Podría poner fin a las guerras si quisiera?
«Podemos decir con certeza que tiene un peso crítico como proveedor de bienes intermedios, industriales y de divisas. Pero eso no significa automáticamente que vaya a utilizar esa influencia económica para poner fin a los conflictos», explica Esteban.
La razón es simple: una presión excesiva podría causar que el efecto opuesto y empujar al otro actor a responder de manera más agresiva para compensar el costo. En el caso de Rusia, su capacidad nuclear altera completamente el equilibrio y aumenta el riesgo de una escalada.
Xi Jinping, durante uno de los encuentros con Putin
China tiene un poderosa palanca económicapero prefiere moverlo con cautela. “Para Beijing tiene más sentido ejercer presión sutil. Lo vemos con Irán: tiene un interés enorme en que el estrecho de Ormuz permanezca abierto, pero no quiere proyectarse como una potencia que coacciona, sino como un actor que respeta la soberanía de otros países”, añade.
Sus relaciones, basadas en préstamos y exportaciones, lo sitúan en el centro del mapa. Pero, al mismo tiempo, lo comprometen: intervenir directamente en Ucrania o Irán iría en contra de sus propios intereses, según los expertos. Es el árbitro que no pita.
No es casualidad que Xi Jinping insista en que grandes enemigos No se trata necesariamente de países vecinos, sino de problemas como el hambre o la pobreza.

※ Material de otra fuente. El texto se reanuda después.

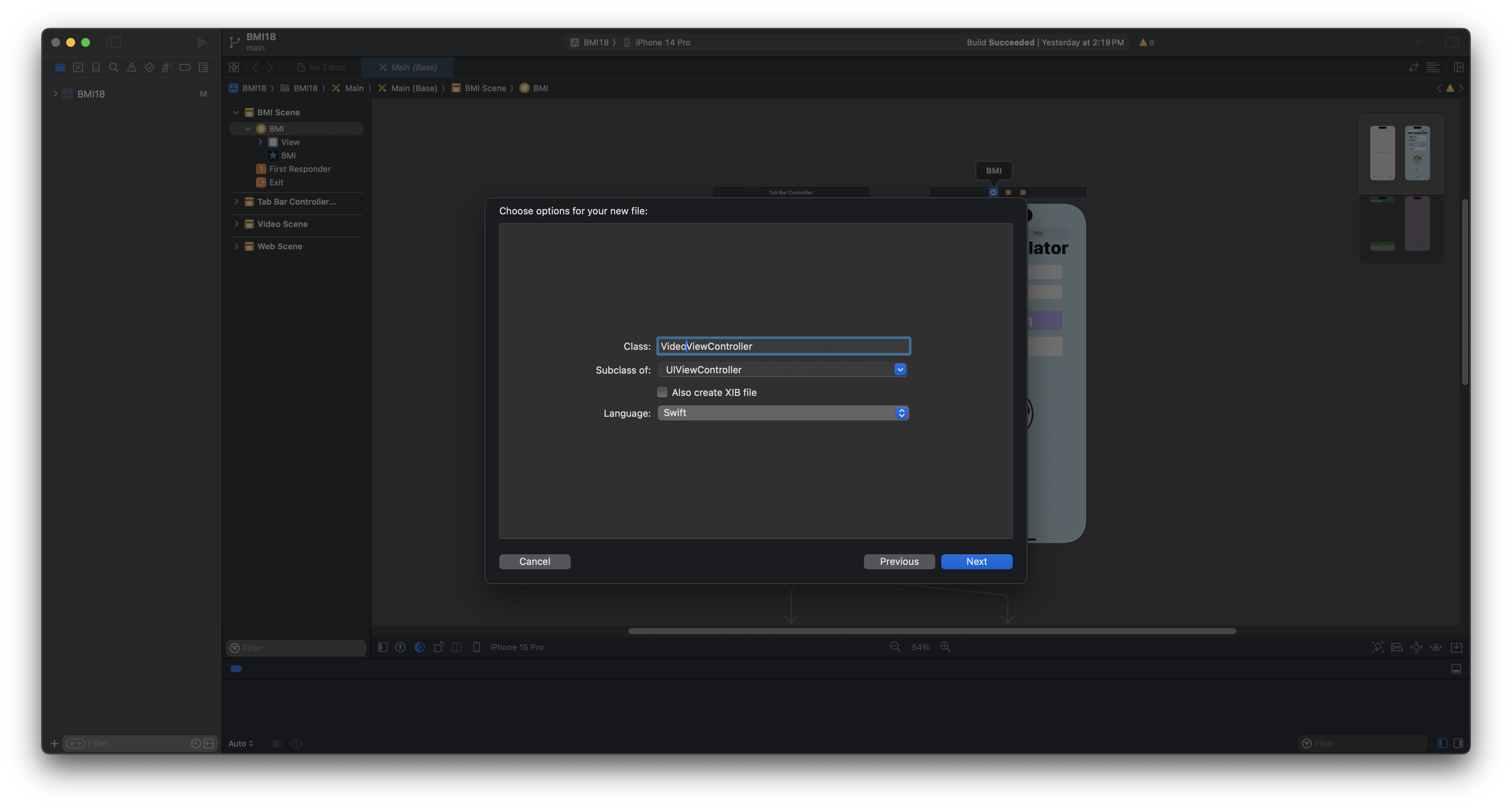 부모 클래스의 이름을 VideoViewController로 짓고 Next버튼을 누르고 Create를 눌러서 생성해주면 됩니다.
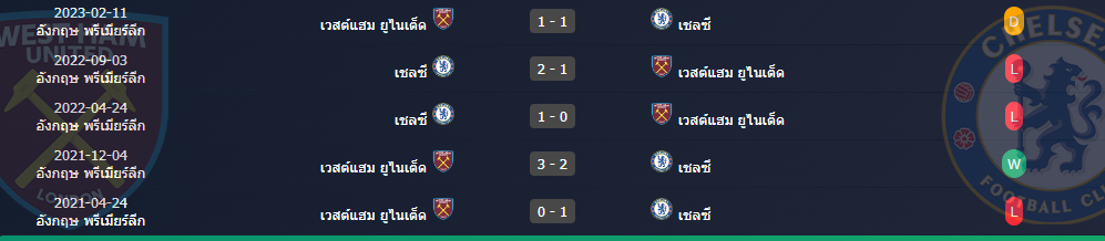 สถิติพบกันหลัง 5 สุดของ : เวสต์แฮม ยูไนเต็ด -vs- เชลซี
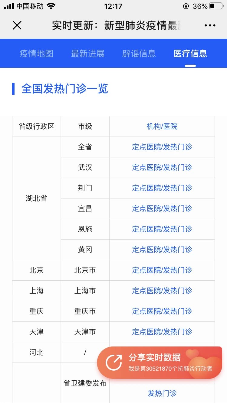 해당 메뉴에서는 중국 국민들이 알고자 하는 신종 코로나와 관련된 모든 정보를 모아 제공하고 있으며 실질적인 모바일 컨트롤 타워 역할을 하고 있습니다.
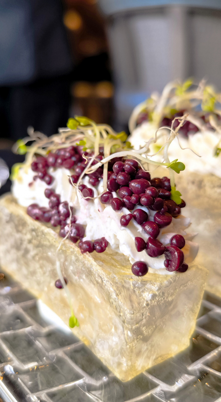 Brazíliát a Caipirinha pillecukor, jamgyökérhab és açai-kaviár képviseli, mindez roppanós kristálykenyéren tálalva. A szín és ízkavalkád vezető vonulata a panna cotta yuzus, kesudiós és citrusos szósza és a korianderolajjal. Könnyed étel, amely egyébként simán működne desszertként is.
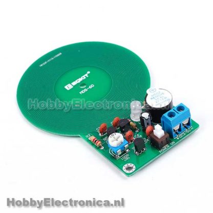 Metaal detector soldeer kit. Detecteert metalen op een afstand tot 6cm van de spoel en geeft dan een geluid of lichtsignaal bij detectie. Eenvoudig kit om te leren solderen. De print op de pcb laat zien waar de componenten moeten komen. Langste poten aan de componenten is de + en de korte poot de -.

El historiador Peter Frankopan escribió en Las nuevas rutas de la seda que China se levante con una ventaja: mantiene la esperanza y el optimismo sobre lo que le deparará el mañana.
En Occidente, sin embargo, la ansiedad es tan intensa que los países están cada vez más divididos.
Por tanto, la mejor manera de intervenir sería precisamente no hacerlo y dejar que las piezas caigan solas.